“Success is nothing without someone you love to share it with.” So says Brian (Billy Dee Williams), the primary love interest in Berry Gordy’s Mahogany (1975), sometime around the film’s midpoint. He’s saying so to the title character (Diana Ross), who was born a less glamorous “Tracy,” a little while after she’s moved from the Chicago where they first met to Italy.
Mahogany initially found success in Rome as a supermodel; more recently, she’s rebranded as a big-name fashion designer. It’s a dream come true, but the realities of her seen-through dream aren’t quite as picturesque as she’d imagined them. Pressures and superficial social dynamics evocative of game-playing are getting to her; she’s becoming increasingly brittle and sapped by disillusionment. (When Brian and Tracy first met, she was still in the “aspiring” era of her career — the student who put rhinestones on things even when her instructor was adamant, to her specifically, she not.) The aforementioned line, we hope, portends a happy ending. Even though it’s finally in a sturdy place after years of struggle, another major reason Tracy isn’t having a very good time in her career is that the man she loves isn’t by her side. Once they’re finally together, after some time separately exploring themselves, the stresses of her job won’t get to her with the same destructiveness with a sturdy foundation at home.
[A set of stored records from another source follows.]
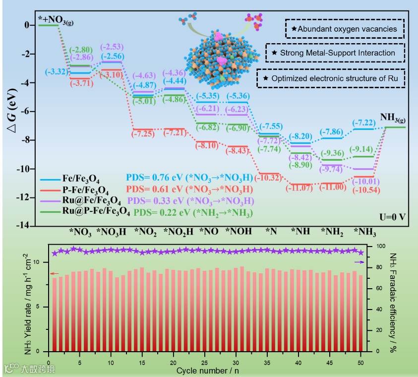 (1)P-Fe/Fe3O4表面高度分散的Ru纳米团簇保证了活性位点的充分暴露;(2)磷掺杂/磷酸盐修饰可诱导Fe/Fe3O4表面生成丰富的氧空位,这有利于反应物和中间体的吸附和活化;(3)金属-载体强相互作用(SMSI)不仅可调节Ru纳米团簇的电子结构,增强其本征活性,还可以促进Fe3O4的还原,在Ru纳米团簇周围形成Fe层,提高其催化稳定性;(4)Ru纳米团簇、磷掺杂Fe和磷酸盐修饰Fe3O4的电子耦合效应可以降低速率决定步骤(RDS)的反应能垒,抑制HER副反应,从而协同增强NO3-RR合成NH3性能。本研究证实了杂原子掺杂、氧空位构建和SMSI效应对Ru纳米团簇负载Fe3O4催化剂催化NO3-RR合成NH3的促进作用,为设计高效、稳定的金属负载型电催化剂提供了新思路。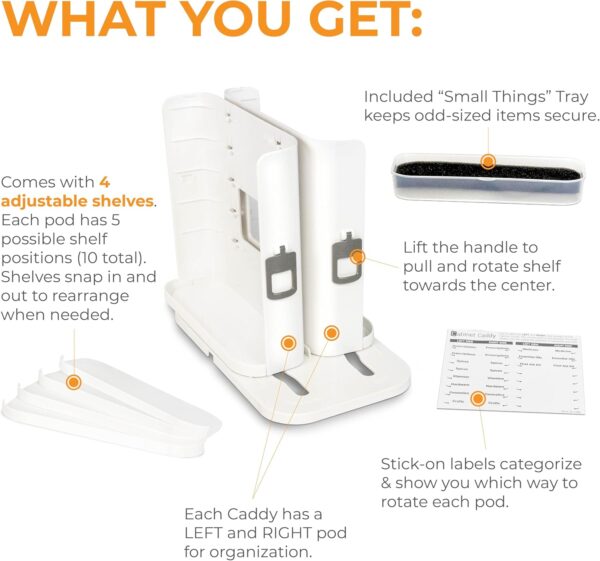 • Magnetic Modular Design: Seamlessly connect multiple caddies side-by-side with the magnetic latch in the base. Expand your storage capacity and create a cohesive organization system within your cabinets.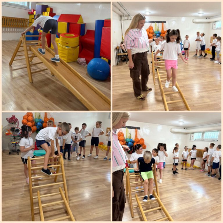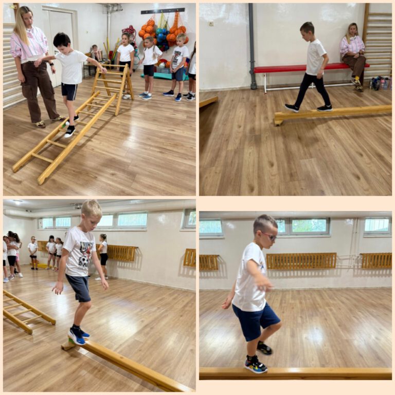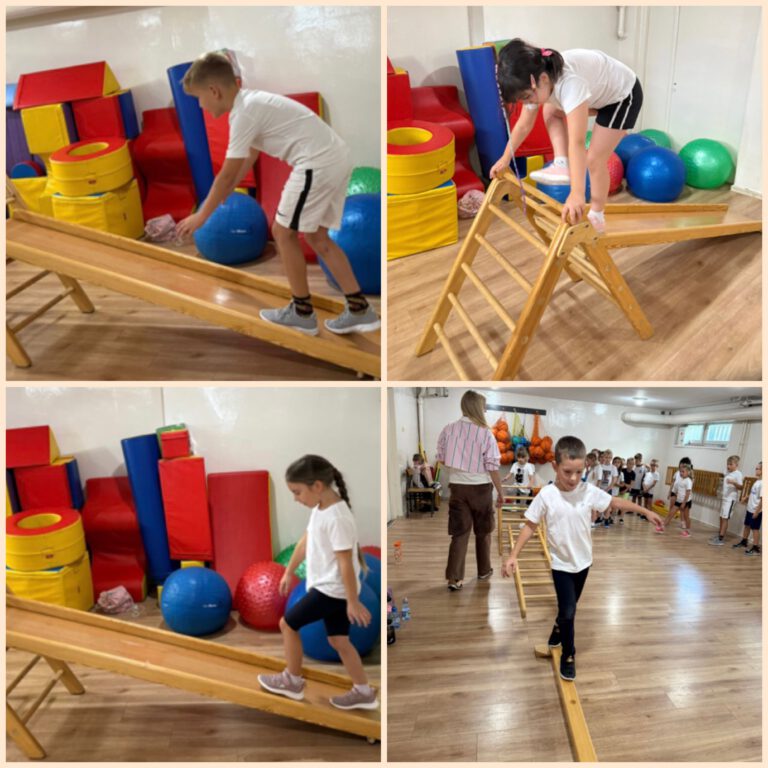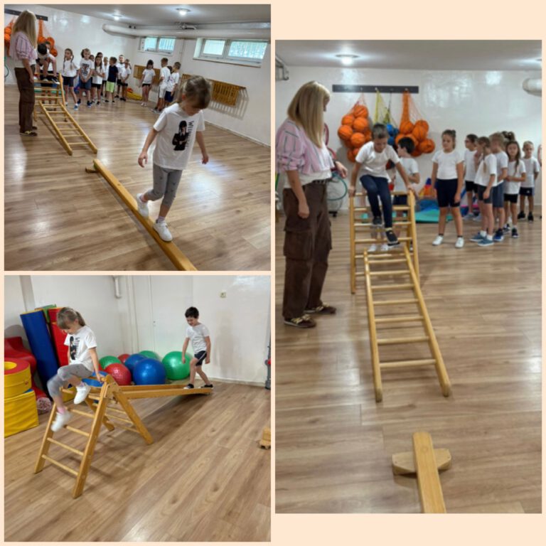 Uczniowie klasy 1c na lekcji w-f pokonują tor przeszkód z równoważnią.
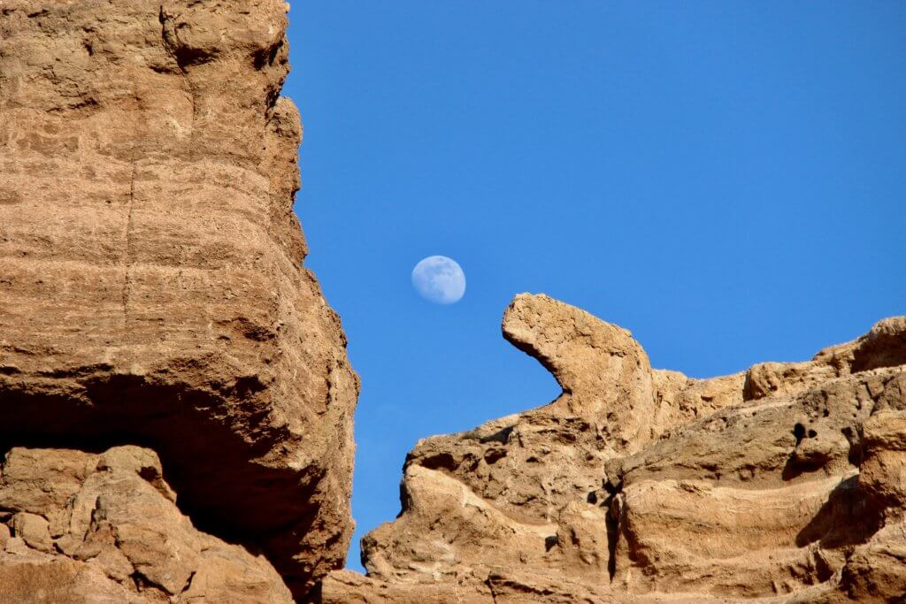 After “check-in” we took a walk back through the canyon as the sun was setting and the moon rising. Amazing shapes rising around us, warm earthy red coloured rocks and deep silence surrounding us. Magical.

But unsurprisingly for a movie that has until this point framed the fashion industry as nothing but a cesspool, and Tracy’s pursuit of a place within it rather silly, the line actually is another inflection of Mahogany‘s undergirding of misogyny. I generally agree with the suggestion that love is more valuable a thing in life than success. But the film approaches it more in the sense of, a man’s success is nothing without a woman putting her separate dreams aside to share it with. A woman’s success being nothing without a man to share with it isn’t even a question. Mahogany, spoiler alert, disappointingly finds Mahogany relinquishing the fashion career she’s always dreamed of so that she simply can be the wife of Brian, who has long been a community activist in their shared Chicago hometown and is now pursuing a career in politics. The script, from Bob Merrill and John Byrum, looks at this as good and natural — the way things are supposed to be and, therefore, more spiritually enriching for everybody.
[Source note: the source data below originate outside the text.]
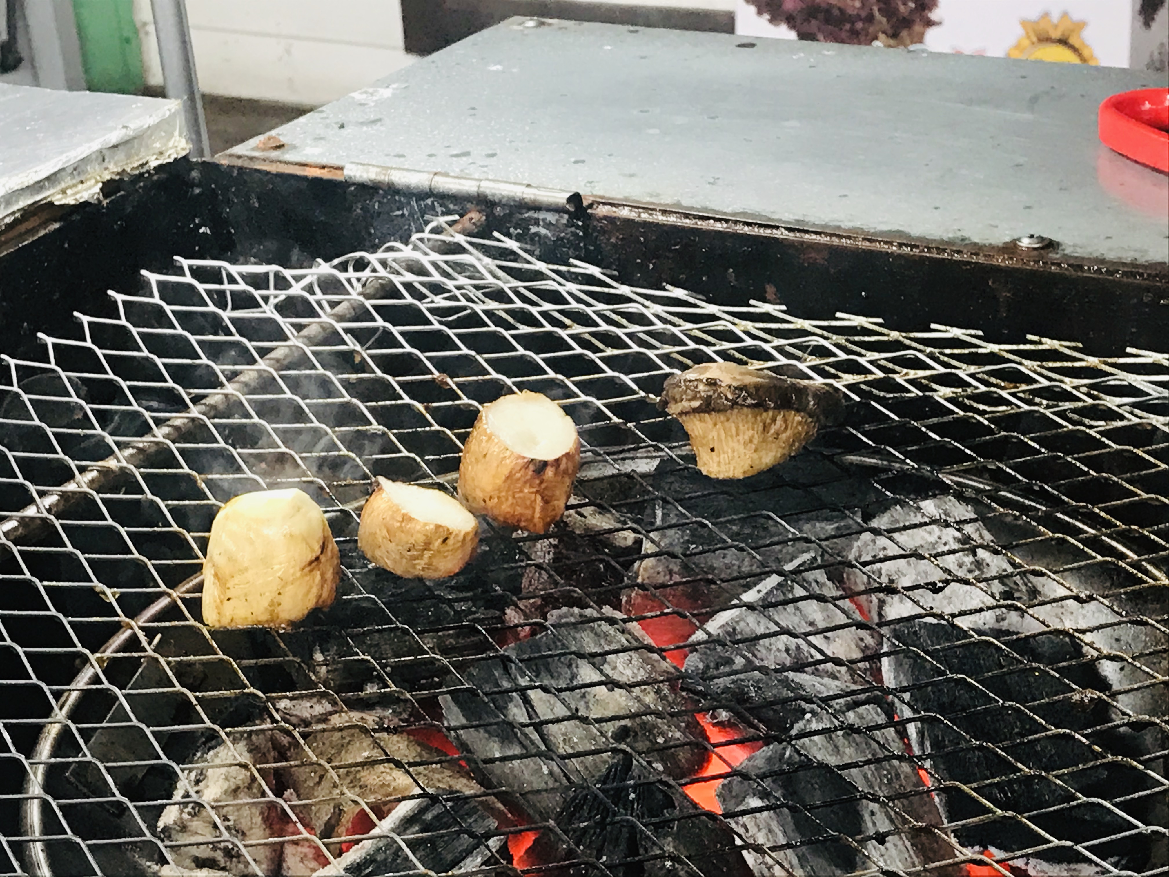 이렇게 버섯도 구워서 먼저 시식해보라고 주셨어요.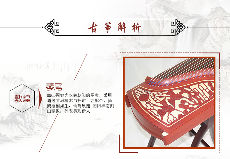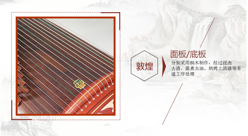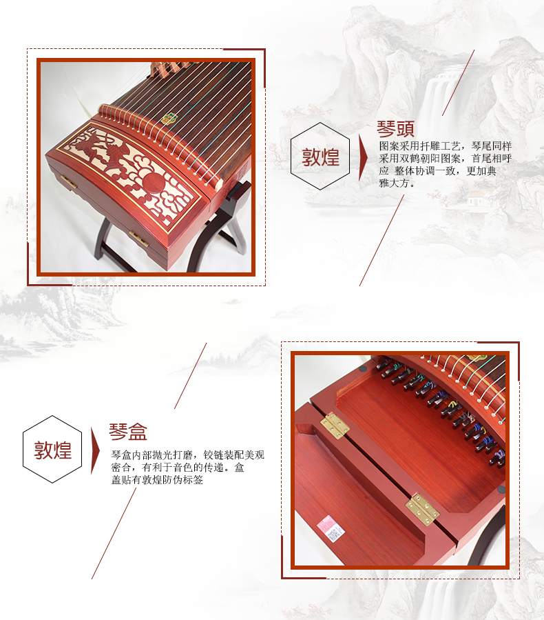 古筝材质具体参数是淘宝系统根据官方旗舰店标准加载,厂家会不定期更换原包装配件及材质属性,请以收到实物为准,并及时拍照片到敦煌打假办验证真伪!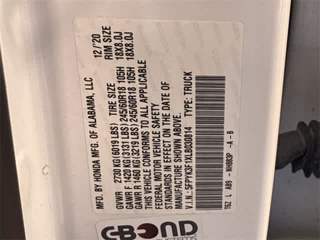 Platinum White Pearl 2020 Honda Ridgeline Sport AWD 9-Speed Automatic 3.5L V6 SOHC i-VTEC 24V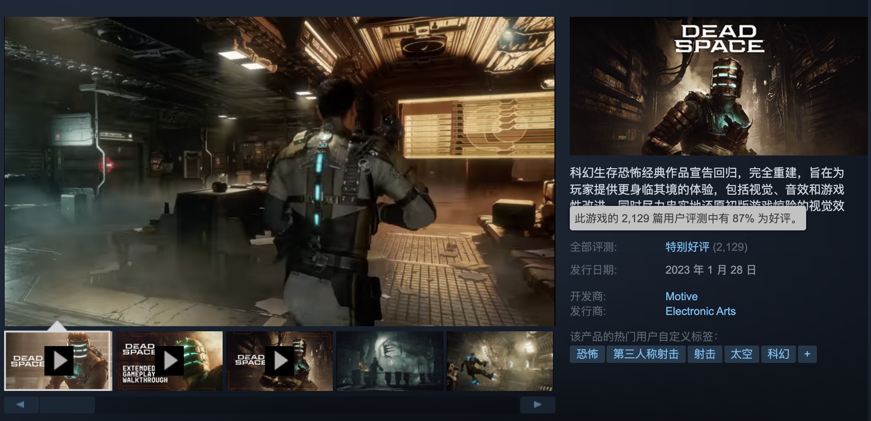 《死亡空间:重制版》Steam“特别好评”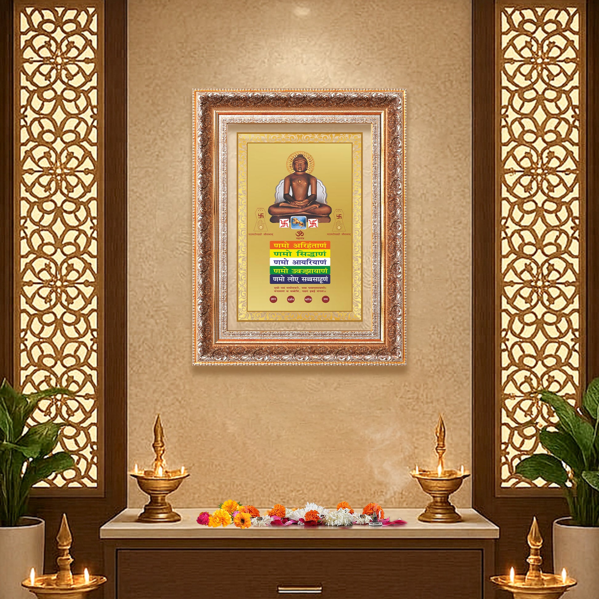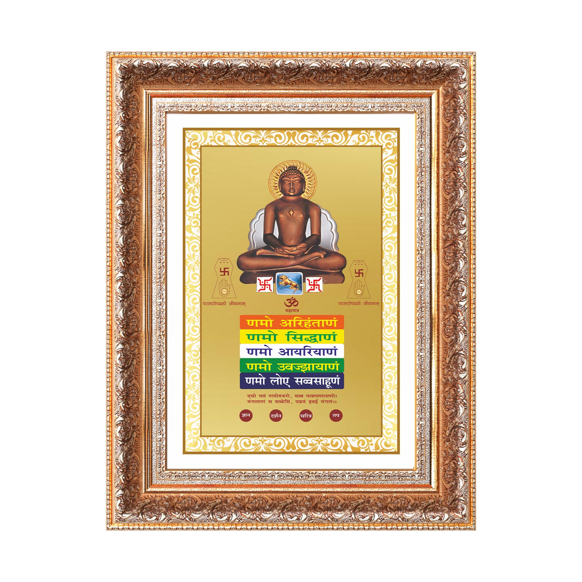 Lord Mahavira with Namokar Mantra | Jain Tirthankara Wall Mount Photo Frame in 24K Gold Plated Foil

Mahogany could still have ended this way and been powerful if its scaffolding had been different. The movie could have been a devastating movie about a Black woman becoming the rare person of her race and gender making it big in the fashion industry only to find it too wearying to navigate a space so dominated by white gatekeepers, and having to continue measure her success partly by how profitable it is. It could have been a film about how the intersection of art and commerce ultimately is bad for art.
Mahogany is not incorrectly critical of the materialism and elitism rampant in the industry (and how it can, as exemplified in Mahogany’s increasingly blustery behavior, engender a certain spiritual rot). But because it never takes fashion seriously in general, the film avoids having anything touching it be framed with any nuance. It’s quick to write off Mahogany’s creativity as itself trivial. You sense Mahogany impatient for its heroine to fall in line — to make her realize that her life will be much worthier if she devotes it to her husband and his passions.
Even style, something you’d think the film would have more of considering how closely it works with fashion, is in the kind of short supply that doesn’t rise to the occasion of being anything like a saving grace. Gordy, coming in as a last-minute replacement after the film’s original director, Tony Richardson, was fired from the project, directs competently. But it’s the type of competence suggesting a director trying so hard to keep a ship afloat that he couldn’t care less whether the movie was dramatically sensible or had much visual appeal.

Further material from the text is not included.